Exercise description> Would you please restate the data exactly as it stands, apart from the pictures?
------
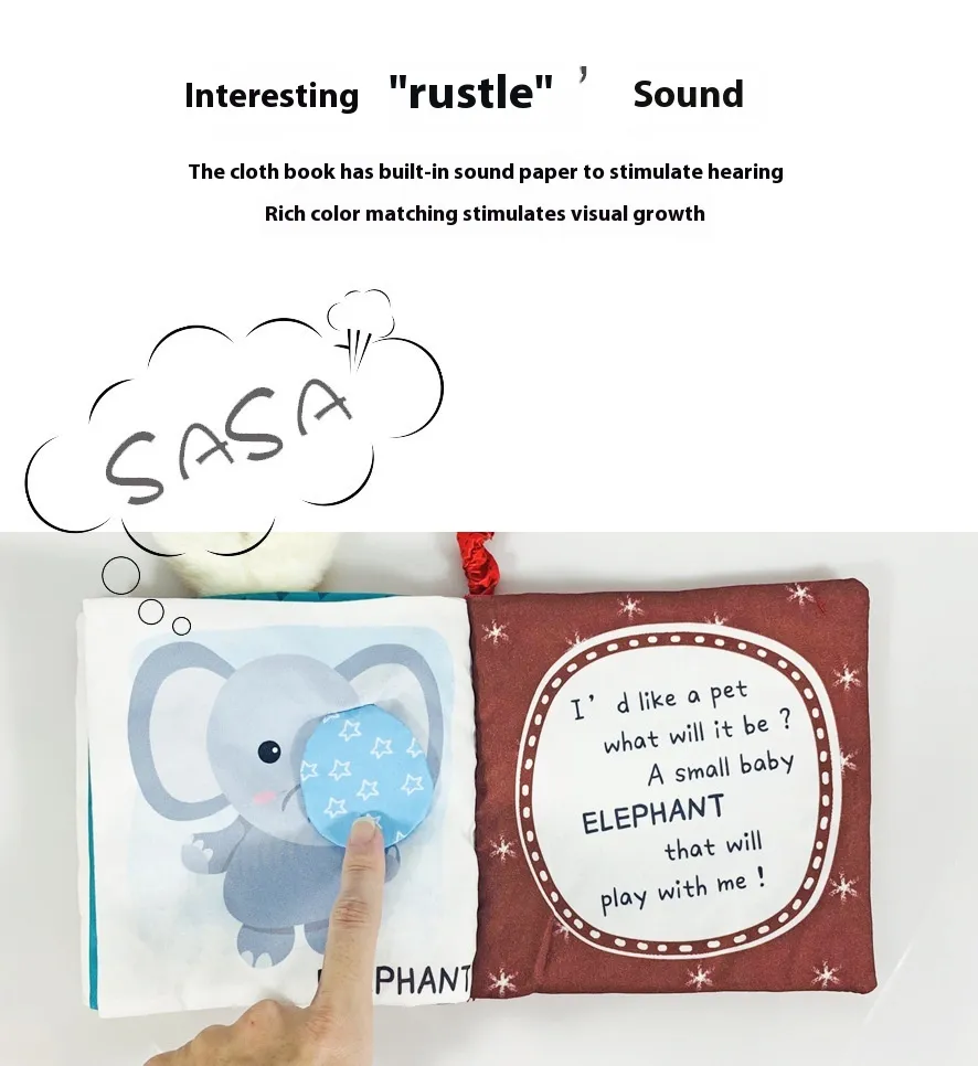 The Red New Style Black Scene Babies' Cloth Book is designed with interactive features to keep babies engaged. Some of these features include:
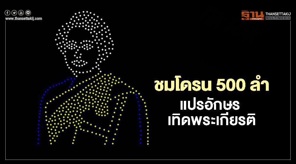 การแสดงโดรนแปรอักษร (Drone Light Show) ในครั้งนี้ จะจัดขึ้น ณ สนามฟุตบอล มหาวิทยาลัยธรรมศาสตร์ ท่าพระจันทร์ เวลาประมาณ 19.15 น. (หลังเสร็จพิธีจุดเทียนถวายพระพรชัยมงคล) โดยใช้โดรน จำนวน 500 ลำ ขึ้นบินแปรขบวนแสงสีบนท้องฟ้า แปรอักษรเป็นรูปต่างๆ จำนวน 11 แบบ ใช้เวลาในการแสดง ประมาณ 12.12 นาที
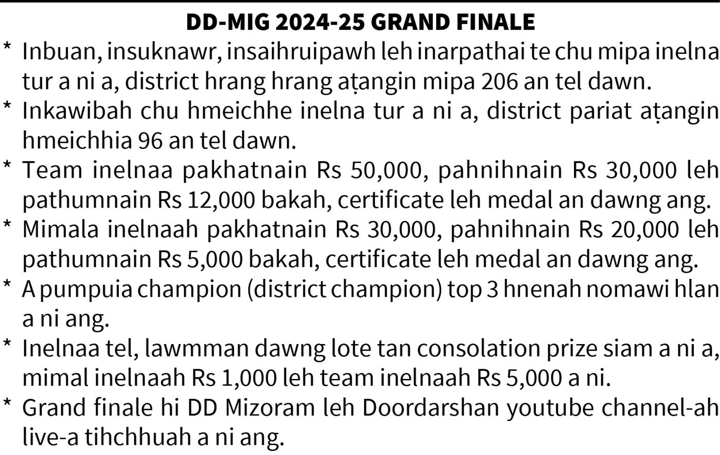 March 19-21, 2025 chhungin Chaltlang Field-ah Doordarshan Mizoram Indigenous Games (DD-MIG) 2024-25 hmawrbàwkna (grand finale) leh Cultural Festival buatsaih a ni dawn a; district 11 aṭangin infiammi 302-te Mizo infiamna chi nga hmangin an intihsiak dawn.
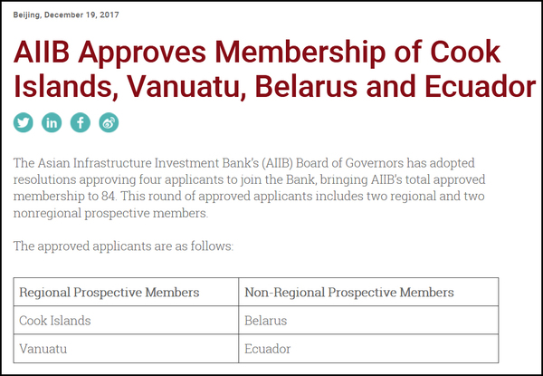【第四次“擴(kuò)容”】2017年12月19日,亞投行宣布批準(zhǔn)庫克群島、瓦努阿圖、白俄羅斯和厄瓜多爾四個成員的加入申請,成員增至84個,這是亞投行自開業(yè)以來的第四次“擴(kuò)容”。圖為亞投行官網(wǎng)截圖。(新華網(wǎng)國際頻道 徐海知)
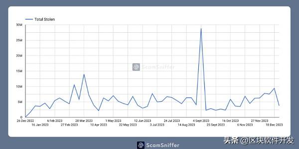 在过去的2023年,Scam Sniffer监控到这些钱包盗贼(Wallet Drainers)从约 32.4万名受害者那里窃取了近 2.95 亿美元的资产。
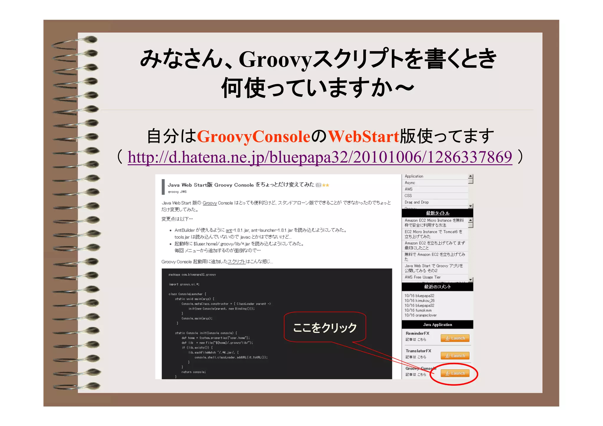 何使っていますか~ 自分はGroovyConsoleのWebStart版使ってます ( http://d.hatena.ne.jp/bluepapa32/20101006/1286337869 ) ここをクリック
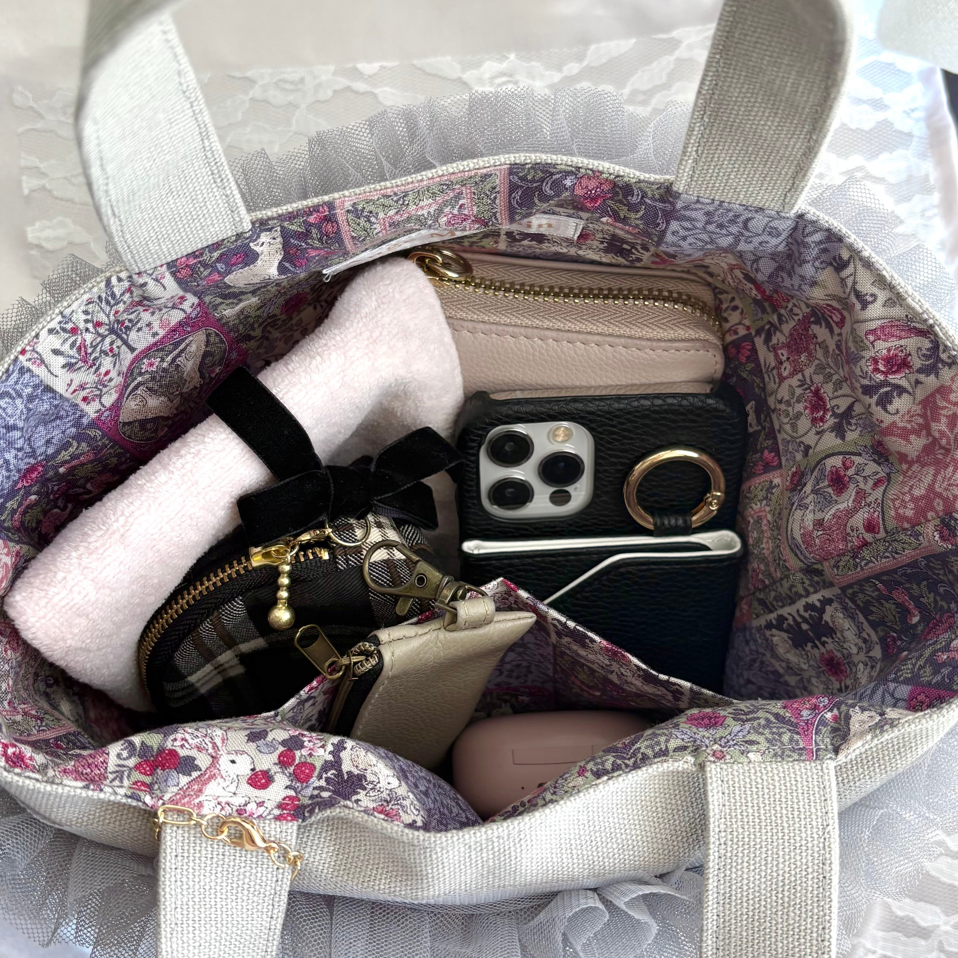 お弁当入れ サブバッグ 洗練されたチュールハンドバッグ グレー バッグチャーム付き フリル 内ポケット お出かけ 袋 ミニトート
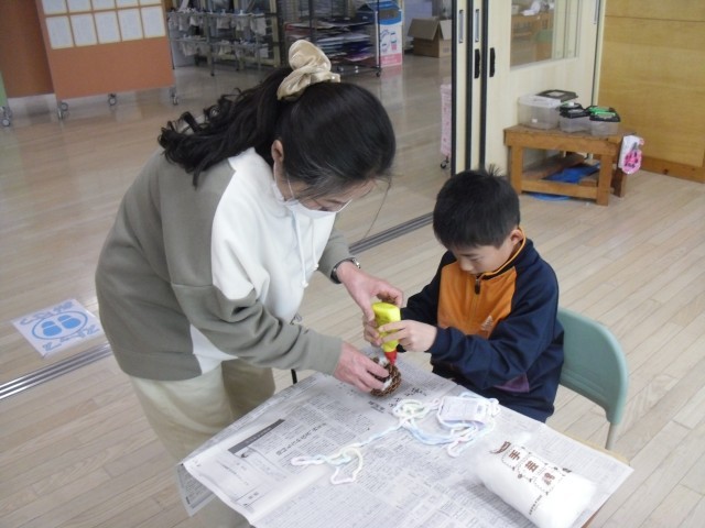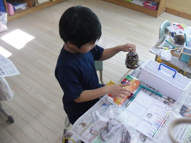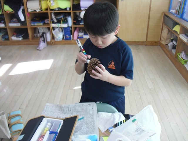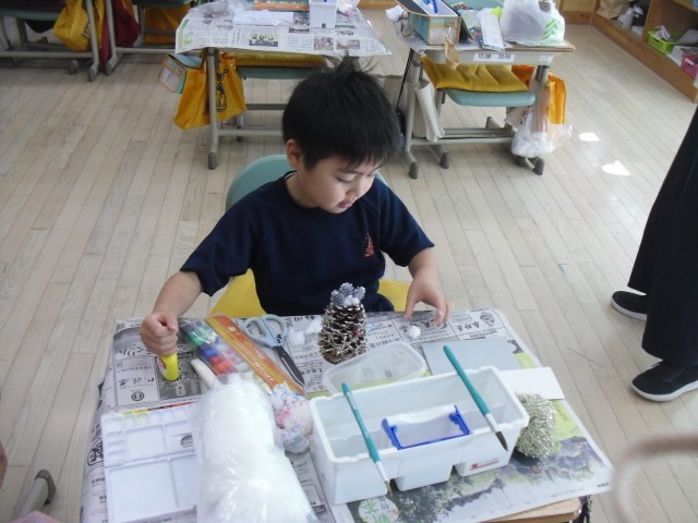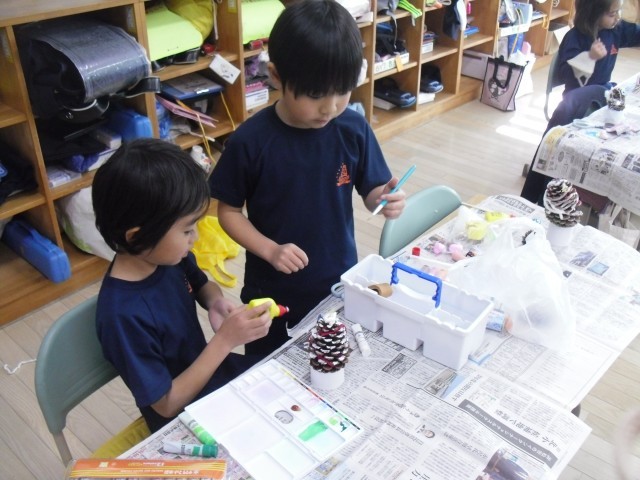 大きな松ぼっくりに色をつけたり、綺麗に飾り付けをしたりしてお気に入りのツリーを作っていました。
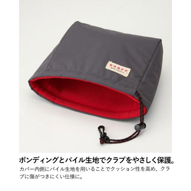 ONOFFナイロンツイルシリーズのアイアンカバー。軽量のナイロンツイル素材の裏地に綿をボンディングした、カジュアルで柔らかなデザイン。アイアンをまとめて収納することで、他のクラブと当たって傷つくのを防ぎ、バッグの中でも安定して収納できます。キャディバッグ、トートバッグなどツイルシリーズでのカラーコーディネートがおすすめです。
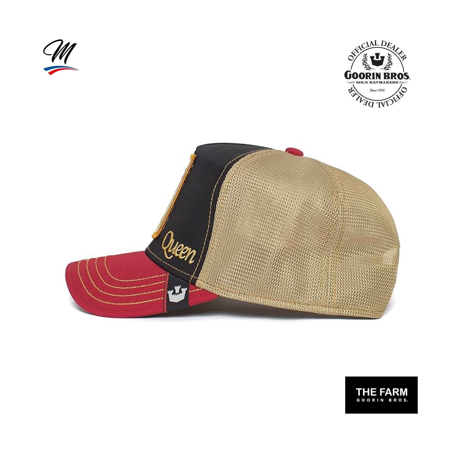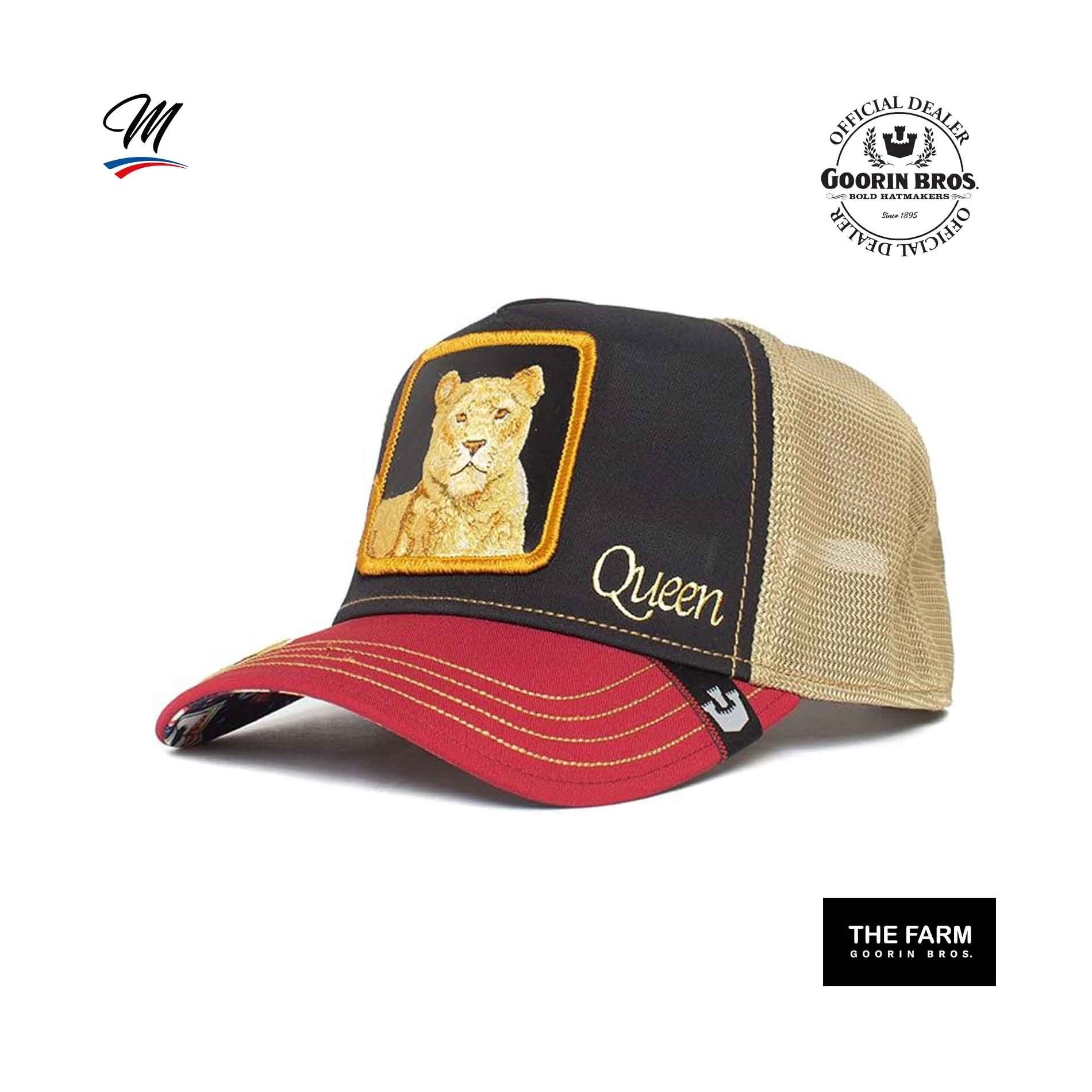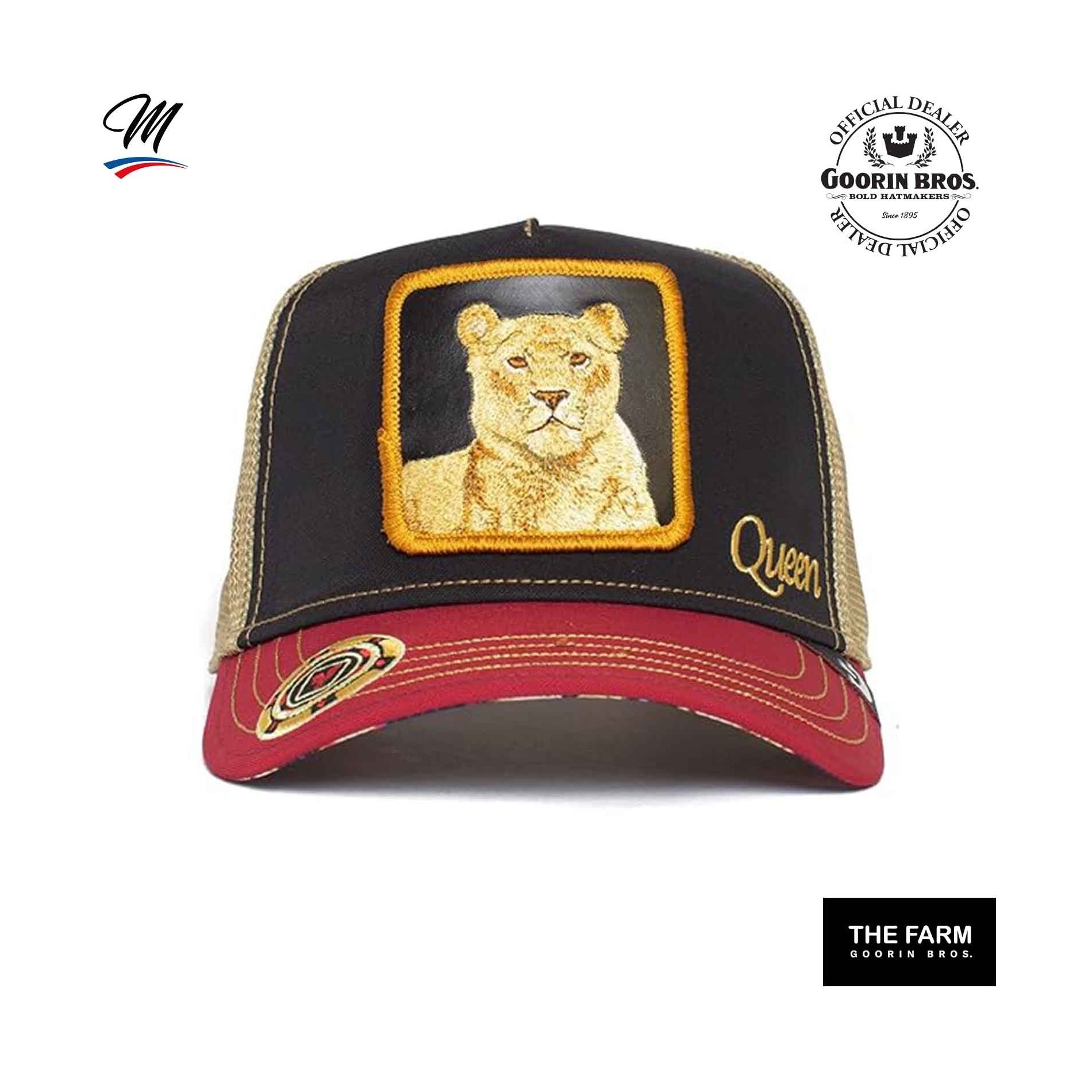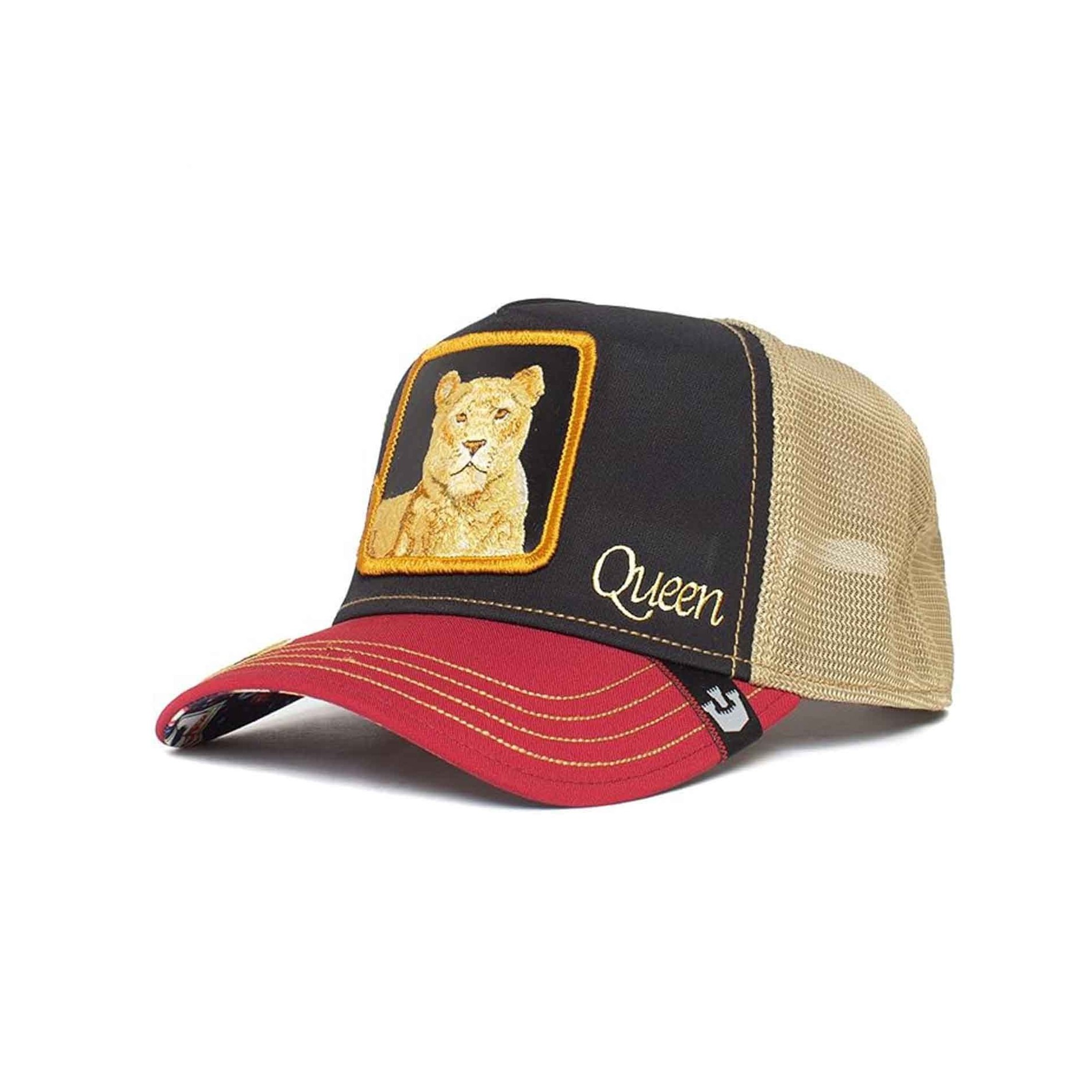 Äkta GOORIN BROS keps, Baseball Trucker med mesh, broderad patch av en lejoninna med inskriptionen "Queen".
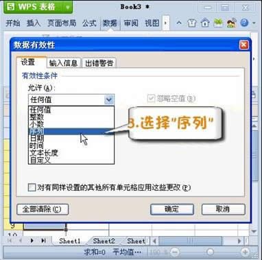 接下来我们对数据的有效性条件进行设置,在对话框中选择“设置”的选项卡,在选项卡中的打开“允许”下方的下拉式菜单,选择序列。如图3
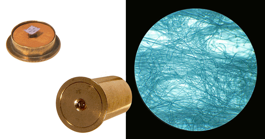 Nous examinons un fragment de gaze disposé contre la face plane de la lentille, après avoir humecté cette dernière pour assurer le contact. L'œilleton est remis en place sur son tube dont on dirige le diaphragme vers une source lumineuse. Ici, le champ ne dépasse pas 2 mm. |
------
Result of this task>
 The Red New Style Black Scene Babies' Cloth Book is designed with interactive features to keep babies engaged. Some of these features include:
 การแสดงโดรนแปรอักษร (Drone Light Show) ในครั้งนี้ จะจัดขึ้น ณ สนามฟุตบอล มหาวิทยาลัยธรรมศาสตร์ ท่าพระจันทร์ เวลาประมาณ 19.15 น. (หลังเสร็จพิธีจุดเทียนถวายพระพรชัยมงคล) โดยใช้โดรน จำนวน 500 ลำ ขึ้นบินแปรขบวนแสงสีบนท้องฟ้า แปรอักษรเป็นรูปต่างๆ จำนวน 11 แบบ ใช้เวลาในการแสดง ประมาณ 12.12 นาที
 March 19-21, 2025 chhungin Chaltlang Field-ah Doordarshan Mizoram Indigenous Games (DD-MIG) 2024-25 hmawrbàwkna (grand finale) leh Cultural Festival buatsaih a ni dawn a; district 11 aṭangin infiammi 302-te Mizo infiamna chi nga hmangin an intihsiak dawn.
【第四次“擴(kuò)容”】2017年12月19日,亞投行宣布批準(zhǔn)庫克群島、瓦努阿圖、白俄羅斯和厄瓜多爾四個成員的加入申請,成員增至84個,這是亞投行自開業(yè)以來的第四次“擴(kuò)容”。圖為亞投行官網(wǎng)截圖。(新華網(wǎng)國際頻道 徐海知)
 在过去的2023年,Scam Sniffer监控到这些钱包盗贼(Wallet Drainers)从约 32.4万名受害者那里窃取了近 2.95 亿美元的资产。
 何使っていますか~ 自分はGroovyConsoleのWebStart版使ってます ( http://d.hatena.ne.jp/bluepapa32/20101006/1286337869 ) ここをクリック
 お弁当入れ サブバッグ 洗練されたチュールハンドバッグ グレー バッグチャーム付き フリル 内ポケット お出かけ 袋 ミニトート
 大きな松ぼっくりに色をつけたり、綺麗に飾り付けをしたりしてお気に入りのツリーを作っていました。
 ONOFFナイロンツイルシリーズのアイアンカバー。軽量のナイロンツイル素材の裏地に綿をボンディングした、カジュアルで柔らかなデザイン。アイアンをまとめて収納することで、他のクラブと当たって傷つくのを防ぎ、バッグの中でも安定して収納できます。キャディバッグ、トートバッグなどツイルシリーズでのカラーコーディネートがおすすめです。
 Äkta GOORIN BROS keps, Baseball Trucker med mesh, broderad patch av en lejoninna med inskriptionen "Queen".
 接下来我们对数据的有效性条件进行设置,在对话框中选择“设置”的选项卡,在选项卡中的打开“允许”下方的下拉式菜单,选择序列。如图3
 Nous examinons un fragment de gaze disposé contre la face plane de la lentille, après avoir humecté cette dernière pour assurer le contact. L'œilleton est remis en place sur son tube dont on dirige le diaphragme vers une source lumineuse. Ici, le champ ne dépasse pas 2 mm. |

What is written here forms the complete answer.